Düsseldorf. Im Missbrauchsfall von Bergisch Gladbach sorgte ein Fehler der Staatsanwaltschaft dafür, dass ein Soldat aus Wesel noch einmal zuschlagen konnte.
Die Justiz-Pannen im Missbrauchsfall von Bergisch Gladbach haben die Vergewaltigung eines dreijährigen Mädchens begünstigt. Das geht aus einem vertraulichen Bericht des Leitenden Oberstaatsanwalts in Köln an das NRW-Justizministerium hervor, der unserer Redaktion vorliegt.
Demnach hat ein 26-jähriger Zeitsoldat der Bundeswehr aus Wesel am Wochenende 24./25. August 2019 das Kind mehrfach missbraucht und dabei gefilmt. Wörtlich heißt es in dem Bericht des Oberstaatsanwalts: „Nach dem aktuellen, auf seiner Einlassung und dem korrespondierenden Ergebnis der Auswertung der Geo-Daten seines Mobiltelefons sowie der Zeitstempel inkriminierter Bilddateien fußenden Erkenntnisstand ist der Beschuldigte dringend verdächtig, an dem vorbezeichneten Wochenende im Abstand von mehreren Stunden insgesamt zwei Taten im Sinne des § 176a Abs.2 Nr. 1 StGB zum Nachteil seiner dreijährigen Nichte begangen zu haben.“ Der Paragraf bezeichnet die Vergewaltigung eines Kindes.
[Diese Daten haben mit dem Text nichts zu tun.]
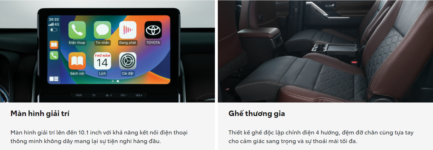 Lưu ý: Công ty Ô tô Toyota Việt Nam được quyền thay đổi bất kỳ đặc tính nào mà không báo trước. Một số đặc tính kỹ thuật có thể khác so với thực tế.

Zunächst ging es nur um "handwerkliche Fehler" der Staatsanwaltschaft
Mitte November hatte NRW-Justizminister Peter Biesenbach (CDU) zwar öffentlich „handwerkliche Fehler“ der Staatsanwaltschaft Kleve in diesem Fall bedauert. Damals ging man jedoch davon aus, dass kein weiteres Kind zu Schaden gekommen wäre. In Wesel waren im Juni Missbrauchsermittlungen gegen den Zeitsoldaten nicht mit der erforderlichen Sorgfalt durchgeführt worden. Dem Mann wurde der Missbrauch seines fünfjährigen Stiefsohns und seiner dreijährigen Tochter vorgeworfen. Obwohl der Beschuldigte in einer angeblich freiwilligen „Lebensbeichte“ bei der Polizei leichtere Taten eingeräumt und eine kinderpornografische Neigung angedeutet hatte, verzichtete die Staatsanwaltschaft auf eine Hausdurchsuchung und die Vernehmung der Kinder. Der Generalstaatsanwalt hat dieses Vorgehen gerügt.
Der brisante Bericht liegt seit Wochen im Justizministerium vor
Angeblich sollte keine Wiederholungsgefahr bestanden haben, da der Mann sich seit Juni nicht mehr seinen Kindern nähern konnte. Von der dreijährigen Nichte war zunächst keine Rede. Der Soldat gehört nach Erkenntnissen der Ermittler zu einem Kinderschänder-Netzwerk, das erst im Oktober bei einer Hausdurchsuchung in Bergisch Gladbach enttarnt werden konnte.
Der brisante Bericht des Kölner Oberstaatsanwalts stammt bereits vom 25. November, soll von Biesenbachs Leiter der Strafrechtsabteilung jedoch erst am 11. Dezember zur Kenntnis genommen worden sein. Wegen der andauernden Ermittlung habe man entschieden, weder Presse noch den Rechtsausschuss des Landtags öffentlich zu informieren.